March 22, 2007

 

CBOT Soy Review on Wednesday: End up on technical strength; acres outlooks

 

 

Chicago Board of Trade soybean futures ended higher Wednesday, underpinned by technical strength and lingering talk of bullish acreage outlooks.

 

May soybeans ended 1 3/4-cents higher at US$7.66 1/2, November soybeans finished 2 3/4 cents higher at US$8.10 3/4. May soymeal settled US$1.10 higher at US$222.30 per short tonne, while May soyoil ended 14 points lower at 31.10 cents a pound.

 

Bullish acreage talk remains an underpinning feature of the market, with follow through technical buying from Tuesday's gains providing initial price strength, said Brian Hoops, president Midwest Market Solutions in Yanktonne, South Dakota.

 

Futures rallied to three-week highs on initial strength, but their inability to breach overhead resistance coupled with reports of South American hedge pressure capped the rally, Hoops added.

 

Spillover weakness from a late retreat in soyoil futures applied mild pressure to keep a lid on advances as well, traders added. Nevertheless, futures continue to find underlying support from a lack of aggressive selling, and ideas the market needs to hold prices firm to make sure soybeans won't loose too many acres in 2007, Hoops said.

 

Meanwhile, the DTN Meteorlogix Weather Service forecast said up to two inches of rain is forecast for the Iowa-Missouri border by the end of the week. Lesser amounts, about a quarter inch to an inch, are expected across the rest of Iowa and Missouri.

 

Farther east, up to an inch and a half of rain in northern Illinois and Indiana is expected as more scattered thundershowers pelt the area through the end of the week. The system will move east and south during the weekend, Meteorlogix forecasts.

 

On tap for Thursday, the Census Bureau is scheduled to release its February soybean crush report at 8 a.m. EDT (1200 GMT).
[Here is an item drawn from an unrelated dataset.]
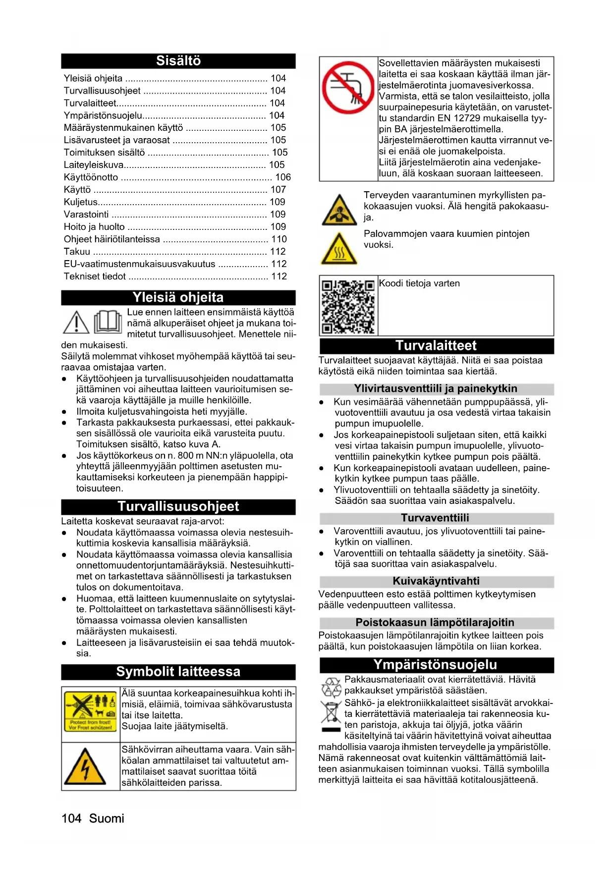 - HDS 7/16 CXA104 Suomi Sisältö Yleisiä ohjeita Lue ennen laitteen ensimmäistä käyttöä nämä alkuperäiset ohjeet ja mukana toi- mitetut turvallisuusohjeet. Menettele nii- den mukaisesti. Säilytä molemmat vihkoset myöhempää käyttöä tai seu- raavaa omistajaa varten. ● Käyttöohjeen ja turvallisuusohjeiden noudattamatta jättäminen voi aiheuttaa laitteen vaurioitumisen se- kä vaaroja käyttäjälle ja muille henkilöille. ● Ilmoita kuljetusvahingoista heti myyjälle. ● Tarkasta pakkauksesta purkaessasi, ettei pakkauk- sen sisällössä ole vaurioita eikä varusteita puutu. Toimituksen sisältö, katso kuva A. ● Jos käyttökorkeus on n. 800 m NN:n yläpuolella, ota yhteyttä jälleenmyyjään polttimen asetusten mu- kauttamiseksi korkeuteen ja pienempään happipi- toisuuteen. Turvallisuusohjeet Laitetta koskevat seuraavat raja-arvot: ● Noudata käyttömaassa voimassa olevia nestesuih- kuttimia koskevia kansallisia määräyksiä. ● Noudata käyttömaassa voimassa olevia kansallisia onnettomuudentorjuntamääräyksiä. Nestesuihkutti- met on tarkastettava säännöllisesti ja tarkastuksen tulos on dokumentoitava. ● Huomaa, että laitteen kuumennuslaite on sytytyslai- te. Polttolaitteet on tarkastettava säännöllisesti käyt- tömaassa voimassa olevien kansallisten määräysten mukaisesti. ● Laitteeseen ja lisävarusteisiin ei saa tehdä muutok- sia. Symbolit laitteessa Turvalaitteet Turvalaitteet suojaavat käyttäjää. Niitä ei saa poistaa käytöstä eikä niiden toimintaa saa kiertää. Ylivirtausventtiili ja painekytkin ● Kun vesimäärää vähennetään pumppupäässä, yli- vuotoventtiili avautuu ja osa vedestä virtaa takaisin pumpun imupuolelle. ● Jos korkeapainepistooli suljetaan siten, että kaikki vesi virtaa takaisin pumpun imupuolelle, ylivuoto- venttiilin painekytkin kytkee pumpun pois päältä. ● Kun korkeapainepistooli avataan uudelleen, paine- kytkin kytkee pumpun taas päälle. ● Ylivuotoventtiili on tehtaalla säädetty ja sinetöity. Säädön saa suorittaa vain asiakaspalvelu. Turvaventtiili ● Varoventtiili avautuu, jos ylivuotoventtiili tai paine- kytkin on viallinen. ● Varoventtiili on tehtaalla säädetty ja sinetöity. Sää- töjä saa suorittaa vain asiakaspalvelu. Kuivakäyntivahti Vedenpuutteen esto estää polttimen kytkeytymisen päälle vedenpuutteen vallitessa. Poistokaasun lämpötilarajoitin Poistokaasujen lämpötilanrajoitin kytkee laitteen pois päältä, kun poistokaasujen lämpötila on liian korkea. Ympäristönsuojelu Pakkausmateriaalit ovat kierrätettäviä. Hävitä pakkaukset ympäristöä säästäen. Sähkö- ja elektroniikkalaitteet sisältävät arvokkai- ta kierrätettäviä materiaaleja tai rakenneosia ku- ten paristoja, akkuja tai öljyjä, jotka väärin käsiteltyinä tai väärin hävitettyinä voivat aiheuttaa mahdollisia vaaroja ihmisten terveydelle ja ympäristölle. Nämä rakenneosat ovat kuitenkin välttämättömiä lait- teen asianmukaisen toiminnan vuoksi. Tällä symbolilla merkittyjä laitteita ei saa hävittää kotitalousjätteenä. Yleisiä ohjeita p. 104

The average of analyst estimates peg the crush at 137.9 million bushels, down from the January crush figure of 156.9 million bushels. Soyoil stocks are seen increasing to 3.217 billion pounds in the report, up from 3.155 billion the previous month. February soymeal stocks are seen declining to 356,000 short tonnes, down from the 393,374 reported for January.

 

U.S. Department of Agriculture is scheduled to release weekly export sales figures for the week ended March 15 at 7:30 a.m. CDT. Analysts surveyed by Dow Jones Newswires estimated sales would range from 350,000 to 550,000 metric tonnes. Soymeal commitments were estimated in a range of 75,000 to 125,000 tonnes and soyoil sales were estimated in a range of zero to 10,000 tonnes.

 

In pit trades, speculative fund buying is estimated at 2,000 lots. Rand Financial bought 800 May, with Fimat, Fortis and Man Financial each buyers of 200 May. Sellers were widely scattered among various commission houses, with JP Morgan a seller of 300 November and Calyon Financial a seller of 200 May.

 

 

SOY PRODUCTS

 

Soy product futures ended mixed, with soyoil stumbling lower on speculative profit taking. Active soyoil contracts made new highs for the month in early trade, but its inability to challenge contract highs encouraged selling and profit taking, Hoops said. A lot of the recent gains were technically driven, and futures had become a little overbought, Hoops added.

 

Soymeal futures ended higher, benefiting from soyoil/soymeal spread unwinding, technical strength and spillover support from soybeans.

 

May oil share ended at 41.16% and the May crush ended at 65 1/4 cents.

 

In soymeal trades, speculative funds were net buyers on the day. Buying was scattered among various commission houses. Bunge Chicago sold 400 May, Rand Financial sold 200 July and Rosenthal sold 200 May.

 

In soyoil trades, Rand Financial bought 2,000 May, Fimat bought 300 May, and Bunge Chicago bought 200 May. Bunge Chicago sold 400 May and 400 July, JP Morgan sold 300 May and 200 July, Fimat and Rand Financial each sold 400 May. Speculative fund buying was estimated at 2,500 contracts.